> Assignment
Would you give back exactly the lines from the line with "Таблица с пассажирами" through the end of the entries below, both included, but none of the pictures?

(Stored records)
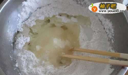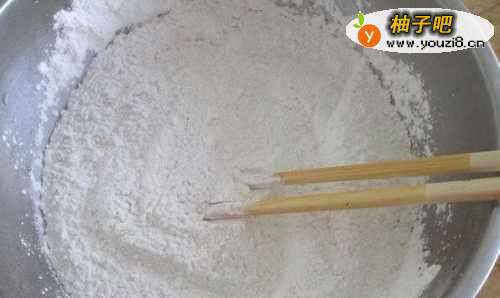 3先把糯米粉和澄粉混合
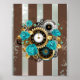 Affiche Steampunk Clock and Turquoise Roses on Striped
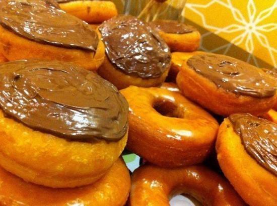 - في زيت غزيرساخن نقلي الدونات ننتبه عندما نضعها في الزيت ان نقلبها بمجرد ان ترتفع الى فوق ثم نحمرها من الجهتين .
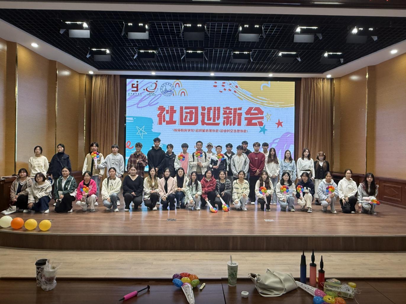 秋意渐浓,暖意未减。10月31日晚,必赢76net官网启明星心理协会与自由时空吉他协会在求实楼报告厅联合举办社团迎新晚会。活动吸引了160余名2025级新生参与。
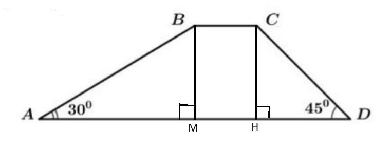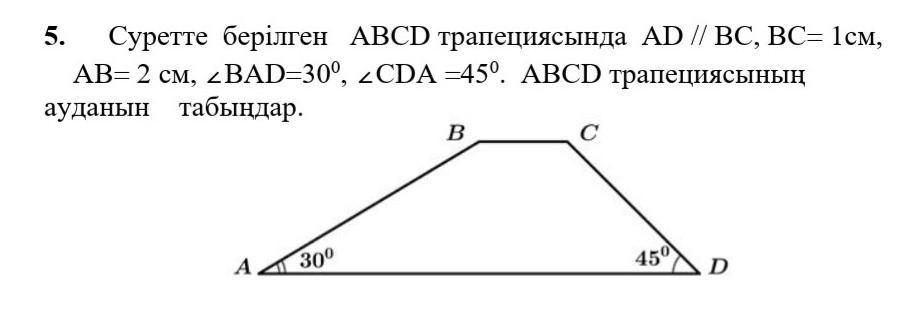 В трапеции ABCD, показанной на рисунке AD // BC, BC = 1 см, AB = 2 см, ∠BAD = 30 °, ∠CDA = 45 °. Найдите площадь трапеции ABCD
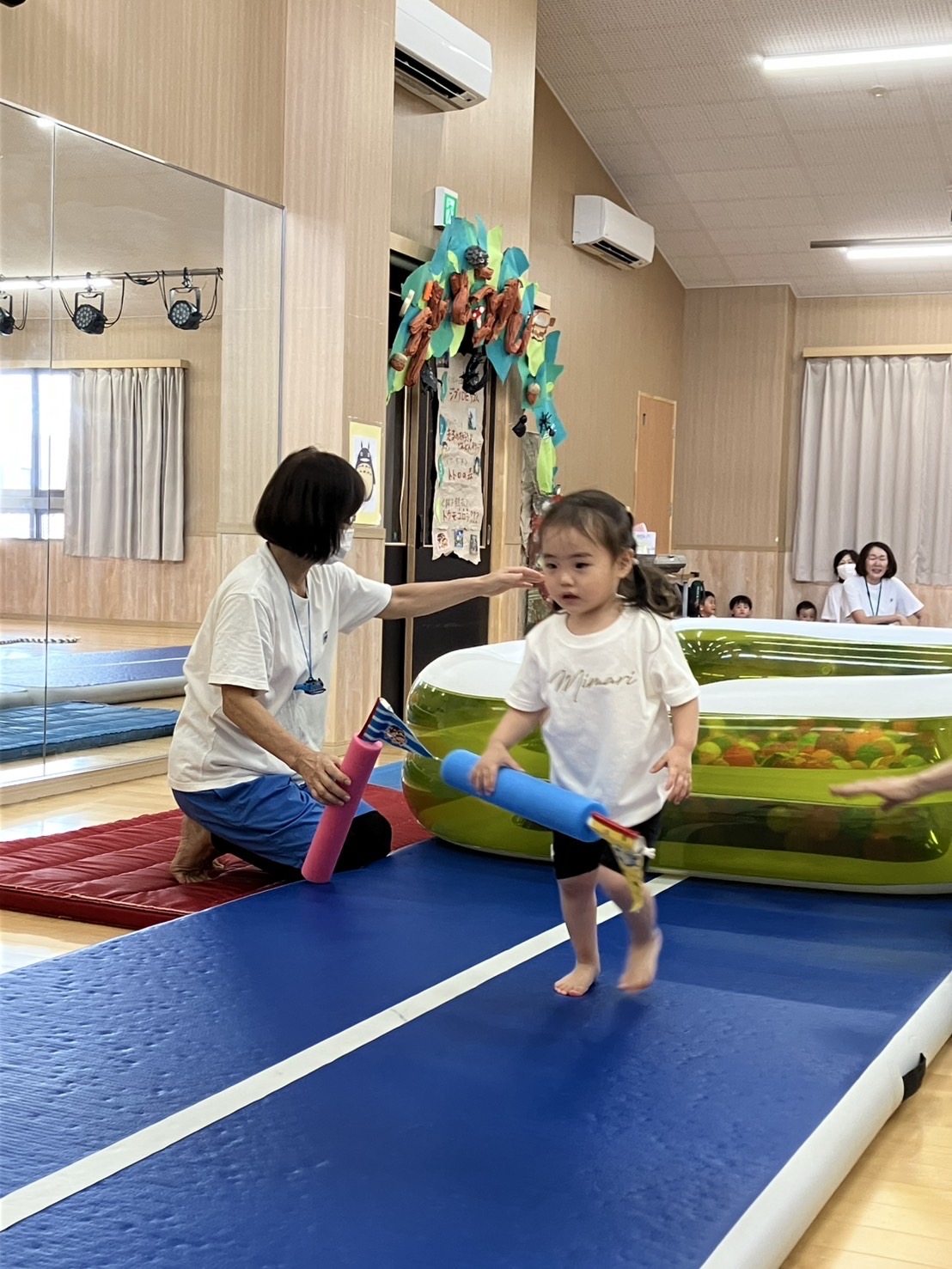 帰りは『ビーチフラッグ競争🚩』ゆめ組さんも頑張ってプールを越えてますよ!
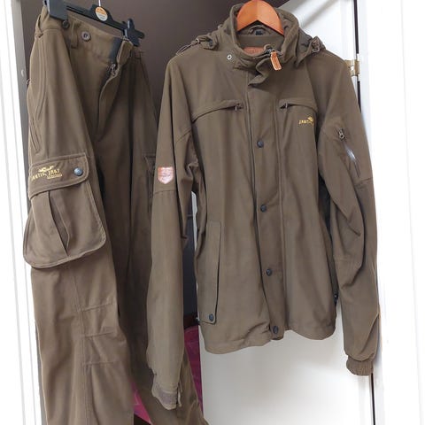 Metsästysasu valkoisella maastokuvioinnilla, koko XL. Takki ja housut valmistettu materiaalista, joka soveltuu metsästykseen ja ulkoiluun. Väri ja kuviointi auttavat sulautumaan luonnonympäristöön.
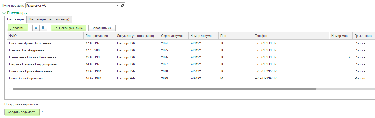 Таблица с пассажирами заполнена, назначены посадочные места.
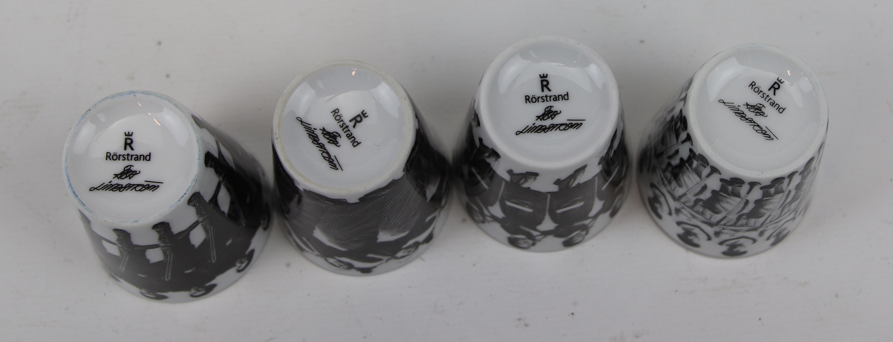 Bilder Åsa Lindström, snapsglas, 4 st, porslin, Rörstrand, 2000-tal.
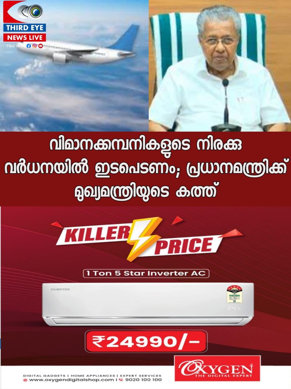 നിരക്കുകൾ മിതപ്പെടുത്തണമെന്ന സംസ്ഥാന സർക്കാരിൻറെ ആവശ്യത്തിൽ അനുകൂല നിലപാട് വിമാന കമ്പനികൾ സ്വീകരിച്ചില്ലെന്നും, വിഷയത്തിൽ കേന്ദ്രസർക്കാർ അടിയന്തരമായി ഇടപെടണമെന്നും കത്തിൽ ആവശ്യപ്പെടുന്നു.
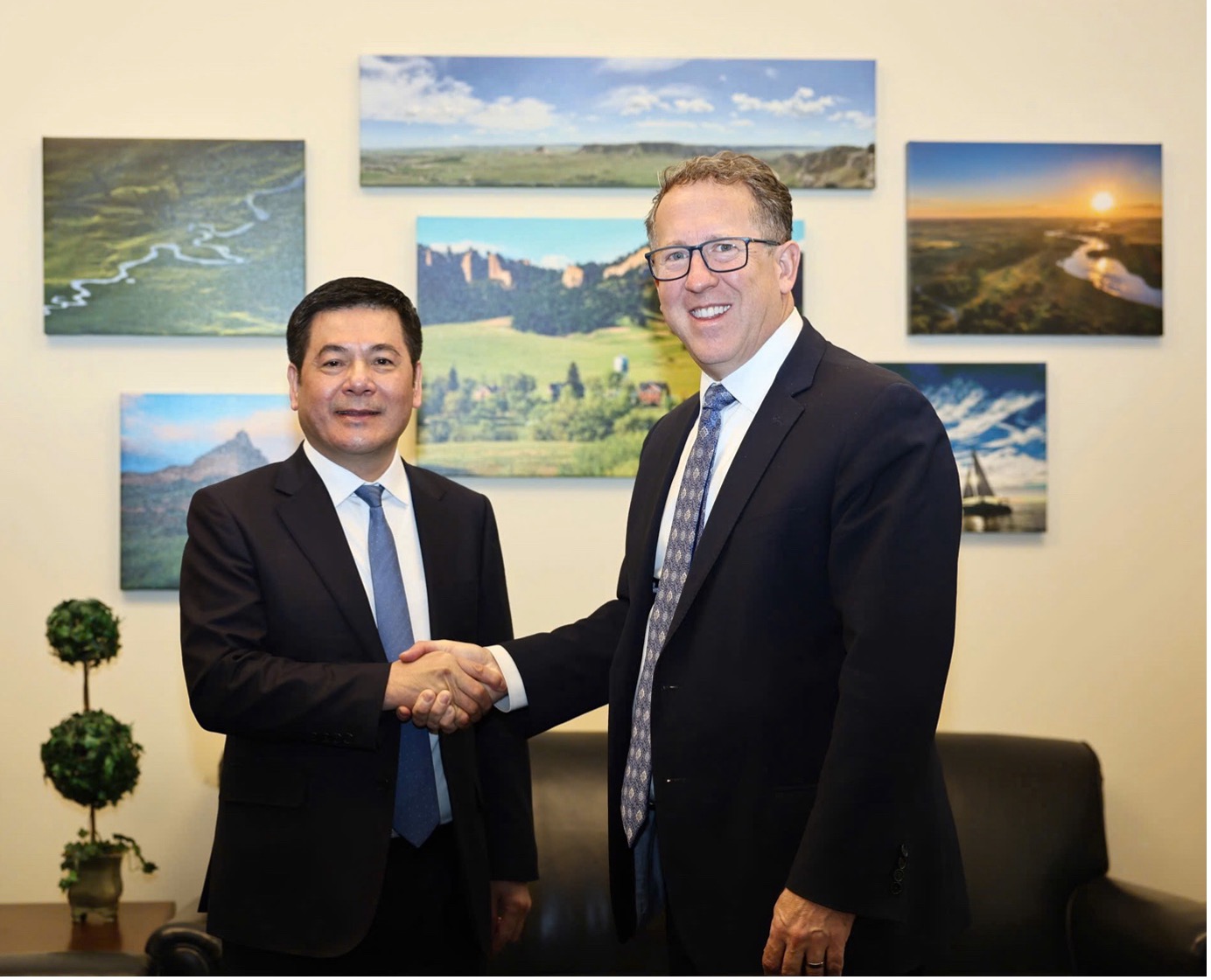 Bộ trưởng Bộ Công Thương Nguyễn Hồng Diên làm việc với Hạ nghị sĩ Adrian Smith (bang Nebraska, Đảng Cộng hòa). (Ảnh: moit.gov.vn)
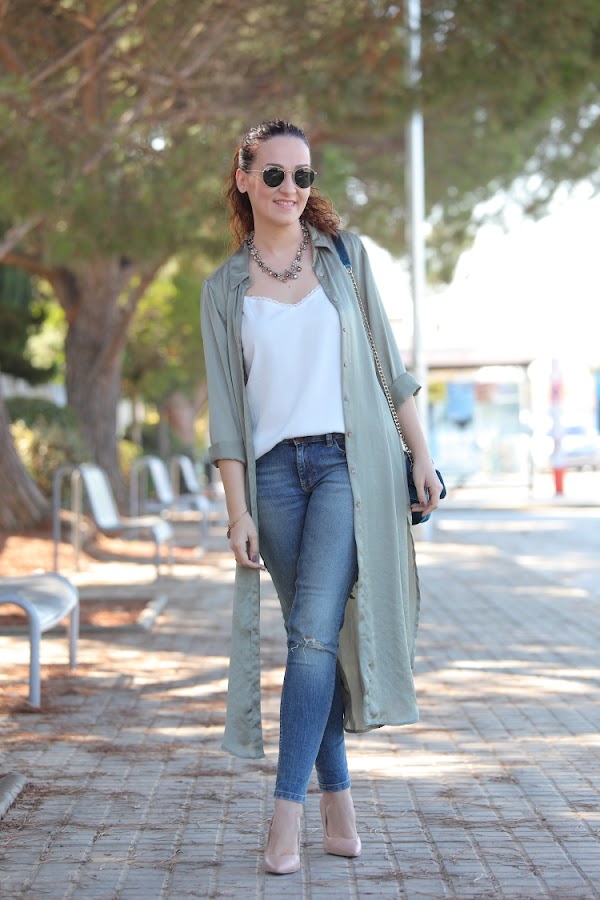 Camisa/Shirt: Zara. Top: Stradivarius. Jeans: Zara. Collar/Necklace: Zara. Pulsera/Bracelets: Alex&Ani vía Ramiro Joyeros. Bolso/Bag: Pull&Bear. Zapatos/Heels: Pull&Bear.
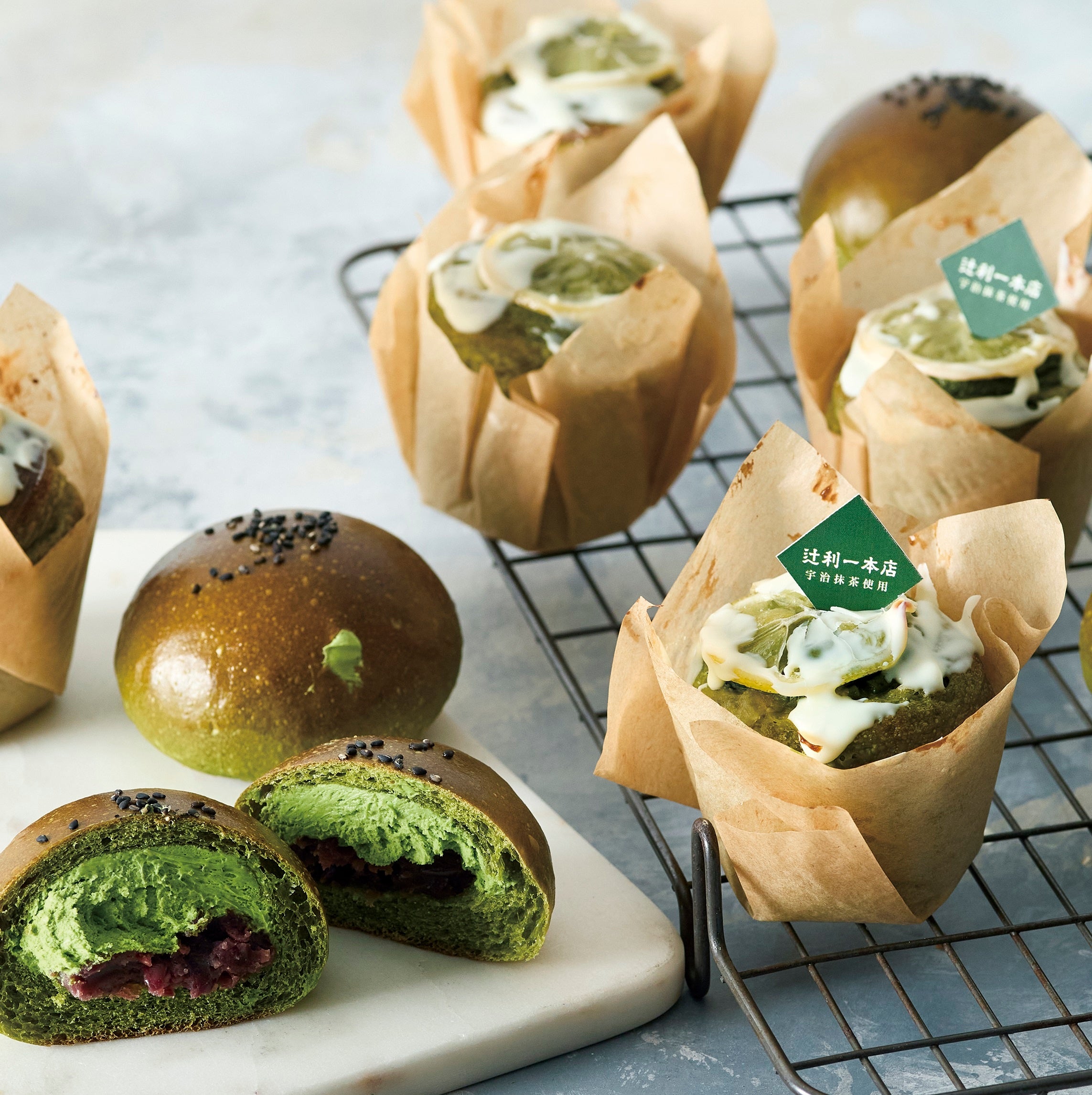 ベイカリー併設の16店舗限定で、宇治抹茶を使用した新作パン2種を発売

> Solution to the exercise
 Таблица с пассажирами заполнена, назначены посадочные места.
 Bilder Åsa Lindström, snapsglas, 4 st, porslin, Rörstrand, 2000-tal.
 നിരക്കുകൾ മിതപ്പെടുത്തണമെന്ന സംസ്ഥാന സർക്കാരിൻറെ ആവശ്യത്തിൽ അനുകൂല നിലപാട് വിമാന കമ്പനികൾ സ്വീകരിച്ചില്ലെന്നും, വിഷയത്തിൽ കേന്ദ്രസർക്കാർ അടിയന്തരമായി ഇടപെടണമെന്നും കത്തിൽ ആവശ്യപ്പെടുന്നു.
 Bộ trưởng Bộ Công Thương Nguyễn Hồng Diên làm việc với Hạ nghị sĩ Adrian Smith (bang Nebraska, Đảng Cộng hòa). (Ảnh: moit.gov.vn)
 Camisa/Shirt: Zara. Top: Stradivarius. Jeans: Zara. Collar/Necklace: Zara. Pulsera/Bracelets: Alex&Ani vía Ramiro Joyeros. Bolso/Bag: Pull&Bear. Zapatos/Heels: Pull&Bear.
 ベイカリー併設の16店舗限定で、宇治抹茶を使用した新作パン2種を発売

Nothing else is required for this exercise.